• [What to do]: Write out the data word for word and drop any picture you find.

• [Data]:
= Beginning of Section =
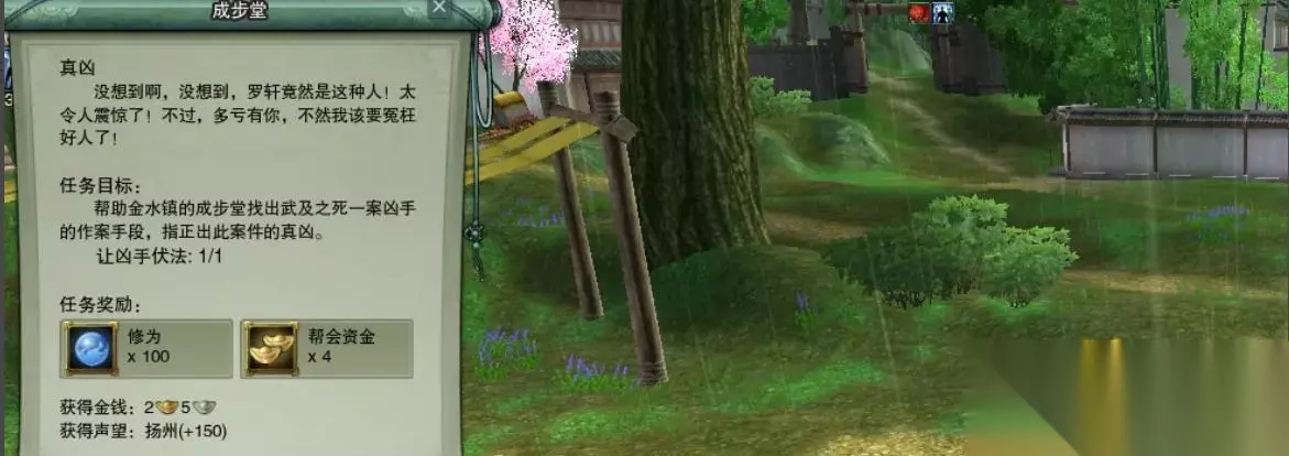 找出真凶任务是剑三探案系列任务中的一个,地点在金水镇,其前置任务是【猝死?他杀?】,任务等级是28级,接任务NPC和交任务NPC都是捕头成步堂,任务类别主要是对话型,不需要杀怪什么的 1、先完成【猝死?他杀?】的前置任务,然后找到成步堂,接【真凶】任务。 2、跟NPC武晖对话获得证词。罗轩曾经跑回房子和武晖的爹说过话,后来带着一群人去了贡橘林,他爹就待在房里,第二天就死了。
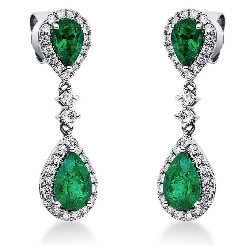 earrings 18 kt WG, IGL 2323953001, 69 diamonds 0,73 ct, G-si, 4 emeralds 2,66 ct green
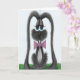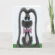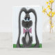 Este cartão adorável de Páscoa apresenta Jack, o coelho cinza adorável vestido com sua gravata borboleta rosa favorita. Personalize este lindo cartão de Páscoa adicionando ou excluindo seu texto para deixá-lo em branco. É baseado em uma peça de arte original por © One Artsy Momma.
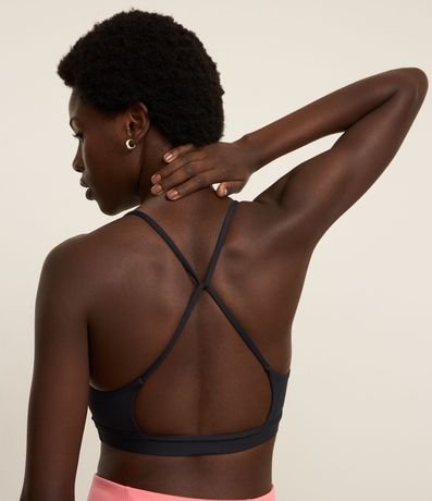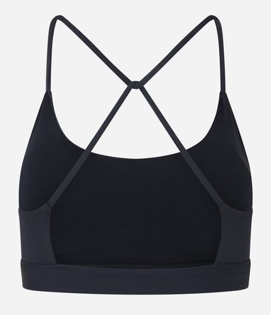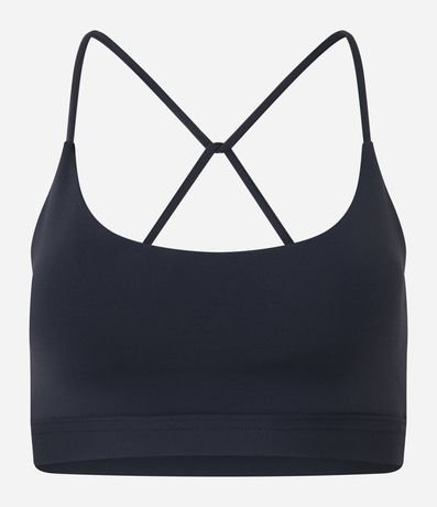 Ref: Top esportivo confeccionado em microfibra sem estampa. A peça tem costas diferenciadas, mais abertas e alças finas cruzadas.
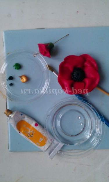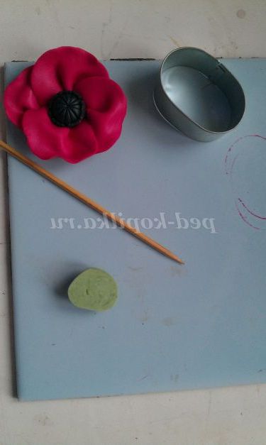 9 крок. Зліпимо маленький бутончик маку для оформлення підвіски. Прикріпимо на нього теж зелений листок. Протягнемо через бутон пін і відправляємо запікатися в грубку. Потім, вийнявши запечені квіти, охладим їх у кухоль з холодною водою. І приступимо до фарбування.
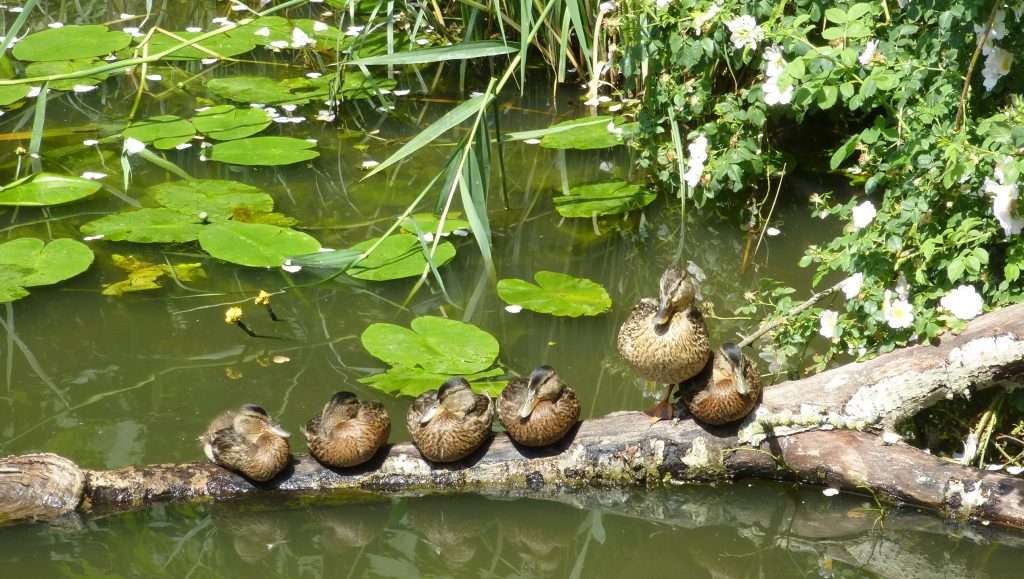 In de Lage Vaart en de Wisenttocht zie je het hele jaar door de wilde eend. Zowel het mannetje (met de glanzende groene kop en de witte nek ring), als het vrouwtje (onopvallend bruin). En toch ….. is er sprake van een mysterieuze terugval van de wilde eend. Ons land telt weliswaar nog steeds zo’n 200.000 tot 300.000 broedparen, maar sinds de jaren ’90 is het aantal broedparen met zo’n 30% achteruitgegaan. Waterverontreiniging en gifstoffen hebben de hoeveelheid insecten enorm doen dalen. Een belangrijk gegeven; immers eendenkuikens groeien op waterinsecten. Een voorbeeld hoe het in een voedselketen fout gaat. Die wilde eend, die doodgewone wilde eend moet vooral doodgewoon blijven. Lekker in het voorjaarszonnetje met z’n allen (zie foto). Allesbehalve doodgewoon zijn deze vreemde kostgangers: exotisch ogende schildpadden midden in het Wisentbos. Deze drie exemplaren (zie foto) zag ik bij het houten bruggetje parallel aan de Lage Vaart. In Nederland komen van nature geen zoetwaterschildpadden voor. Ze zijn gedumpt door mensen die ze als huisdier hielden.
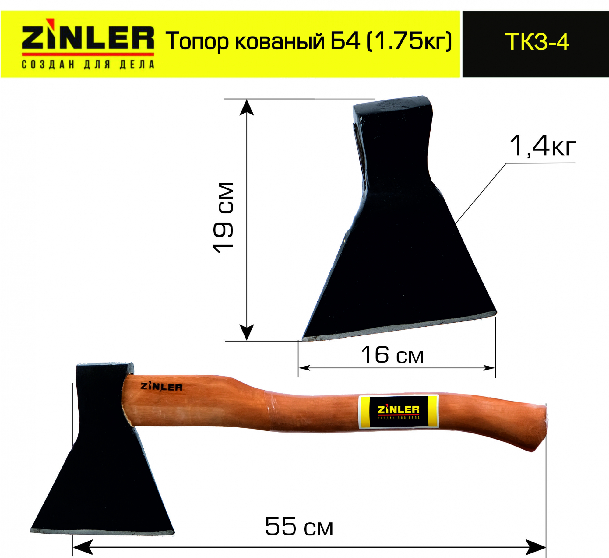 Топор ZINLER кованый 1,4 кг в сборе, Б4 (общий вес 1,75 кг)
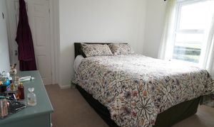 With laminate flooring, archway leading to kitchen and living room, and radiator.
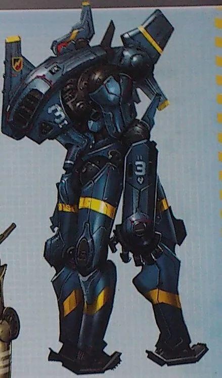 澳大利亚三代机甲;电力驱动;高75米;重1673吨;格斗风格是街头格斗术;装备:背部平衡翼、头部逃生系统;武器:双臂能量火炮、原子弹锥;驾驶员是约书亚·格里芬和一个无名氏;击杀了4只怪兽
= End of Section =
• [Exercise solution]:
 找出真凶任务是剑三探案系列任务中的一个,地点在金水镇,其前置任务是【猝死?他杀?】,任务等级是28级,接任务NPC和交任务NPC都是捕头成步堂,任务类别主要是对话型,不需要杀怪什么的 1、先完成【猝死?他杀?】的前置任务,然后找到成步堂,接【真凶】任务。 2、跟NPC武晖对话获得证词。罗轩曾经跑回房子和武晖的爹说过话,后来带着一群人去了贡橘林,他爹就待在房里,第二天就死了。
 earrings 18 kt WG, IGL 2323953001, 69 diamonds 0,73 ct, G-si, 4 emeralds 2,66 ct green
 Este cartão adorável de Páscoa apresenta Jack, o coelho cinza adorável vestido com sua gravata borboleta rosa favorita. Personalize este lindo cartão de Páscoa adicionando ou excluindo seu texto para deixá-lo em branco. É baseado em uma peça de arte original por © One Artsy Momma.
 Ref: Top esportivo confeccionado em microfibra sem estampa. A peça tem costas diferenciadas, mais abertas e alças finas cruzadas.
 9 крок. Зліпимо маленький бутончик маку для оформлення підвіски. Прикріпимо на нього теж зелений листок. Протягнемо через бутон пін і відправляємо запікатися в грубку. Потім, вийнявши запечені квіти, охладим їх у кухоль з холодною водою. І приступимо до фарбування.
 In de Lage Vaart en de Wisenttocht zie je het hele jaar door de wilde eend. Zowel het mannetje (met de glanzende groene kop en de witte nek ring), als het vrouwtje (onopvallend bruin). En toch ….. is er sprake van een mysterieuze terugval van de wilde eend. Ons land telt weliswaar nog steeds zo’n 200.000 tot 300.000 broedparen, maar sinds de jaren ’90 is het aantal broedparen met zo’n 30% achteruitgegaan. Waterverontreiniging en gifstoffen hebben de hoeveelheid insecten enorm doen dalen. Een belangrijk gegeven; immers eendenkuikens groeien op waterinsecten. Een voorbeeld hoe het in een voedselketen fout gaat. Die wilde eend, die doodgewone wilde eend moet vooral doodgewoon blijven. Lekker in het voorjaarszonnetje met z’n allen (zie foto). Allesbehalve doodgewoon zijn deze vreemde kostgangers: exotisch ogende schildpadden midden in het Wisentbos. Deze drie exemplaren (zie foto) zag ik bij het houten bruggetje parallel aan de Lage Vaart. In Nederland komen van nature geen zoetwaterschildpadden voor. Ze zijn gedumpt door mensen die ze als huisdier hielden.
 Топор ZINLER кованый 1,4 кг в сборе, Б4 (общий вес 1,75 кг)
 With laminate flooring, archway leading to kitchen and living room, and radiator.
 澳大利亚三代机甲;电力驱动;高75米;重1673吨;格斗风格是街头格斗术;装备:背部平衡翼、头部逃生系统;武器:双臂能量火炮、原子弹锥;驾驶员是约书亚·格里芬和一个无名氏;击杀了4只怪兽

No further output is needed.